* **DATASET CONTENT**:
=== Begin Enclosure ===

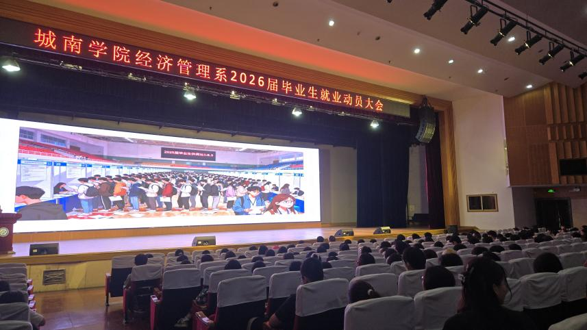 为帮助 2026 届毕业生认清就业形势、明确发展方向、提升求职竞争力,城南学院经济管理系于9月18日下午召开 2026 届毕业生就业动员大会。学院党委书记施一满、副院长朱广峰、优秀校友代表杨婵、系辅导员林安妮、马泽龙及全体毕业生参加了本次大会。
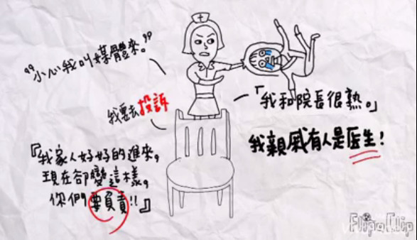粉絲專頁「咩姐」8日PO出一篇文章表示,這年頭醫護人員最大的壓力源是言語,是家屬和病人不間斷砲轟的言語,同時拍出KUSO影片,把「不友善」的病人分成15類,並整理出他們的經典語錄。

=== End Enclosure ===
=== Begin Enclosure ===

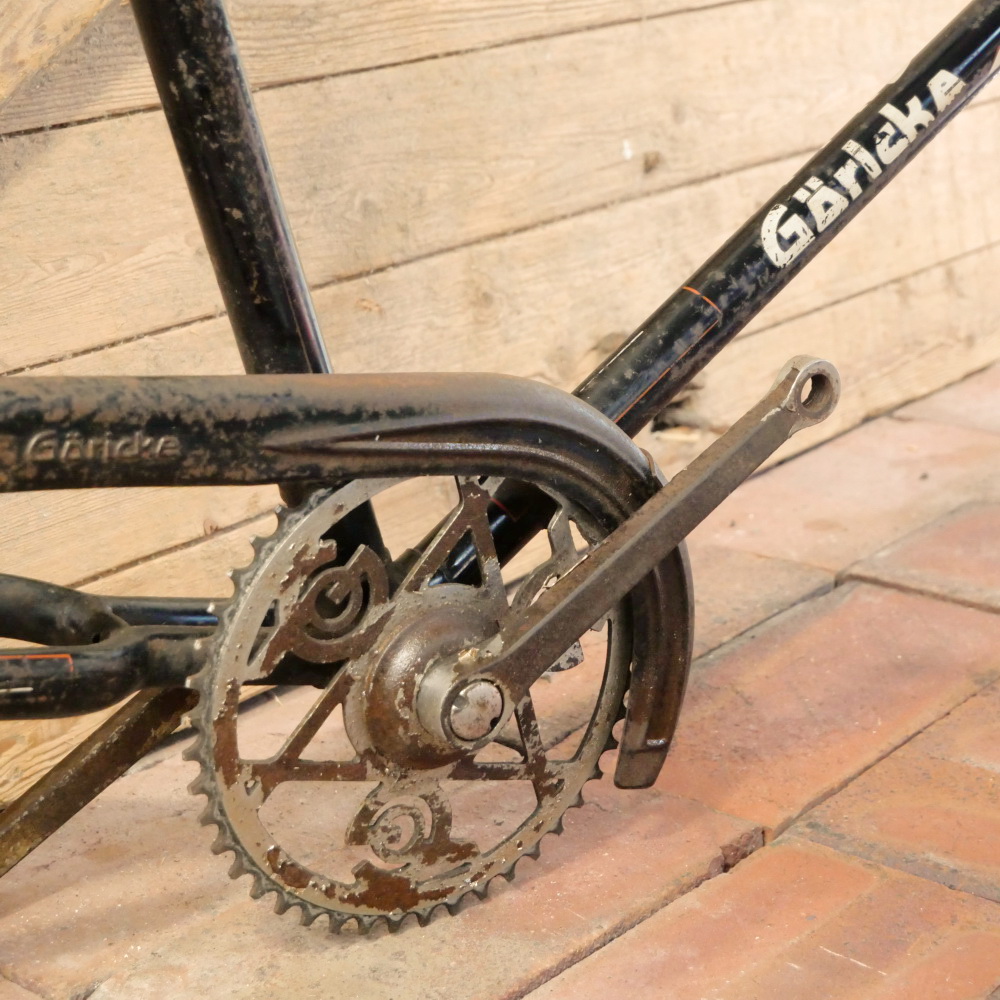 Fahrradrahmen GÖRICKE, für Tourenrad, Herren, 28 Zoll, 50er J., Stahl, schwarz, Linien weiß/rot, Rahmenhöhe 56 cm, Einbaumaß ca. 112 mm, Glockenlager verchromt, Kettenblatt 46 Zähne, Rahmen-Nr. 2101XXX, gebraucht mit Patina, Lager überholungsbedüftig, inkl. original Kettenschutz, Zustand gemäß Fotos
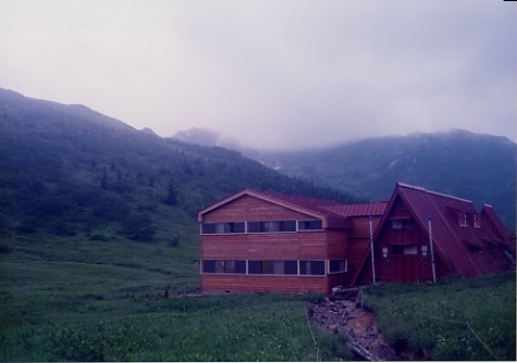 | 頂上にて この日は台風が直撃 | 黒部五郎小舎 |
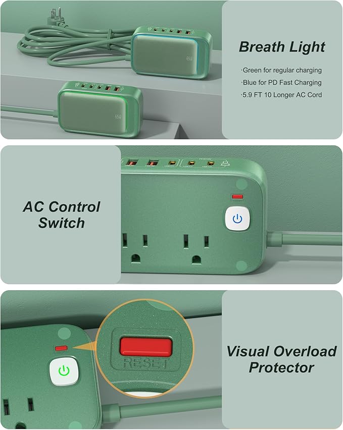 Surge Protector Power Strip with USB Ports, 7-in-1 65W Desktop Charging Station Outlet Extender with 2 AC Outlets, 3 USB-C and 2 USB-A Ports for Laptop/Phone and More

=== End Enclosure ===

* **TASK TO COMPLETE**:
Print the line above containing "为帮助 2026 届毕业生认清就业形势、明确发展方向、提升求职竞争力,城南学院经济管理系于9月18日下午召开", the line containing "粉絲專頁「咩姐」8日PO出一", and everything between them, exactly as written. Pictures stay out.

* **WRITTEN RESPONSE**:
 为帮助 2026 届毕业生认清就业形势、明确发展方向、提升求职竞争力,城南学院经济管理系于9月18日下午召开 2026 届毕业生就业动员大会。学院党委书记施一满、副院长朱广峰、优秀校友代表杨婵、系辅导员林安妮、马泽龙及全体毕业生参加了本次大会。
粉絲專頁「咩姐」8日PO出一篇文章表示,這年頭醫護人員最大的壓力源是言語,是家屬和病人不間斷砲轟的言語,同時拍出KUSO影片,把「不友善」的病人分成15類,並整理出他們的經典語錄。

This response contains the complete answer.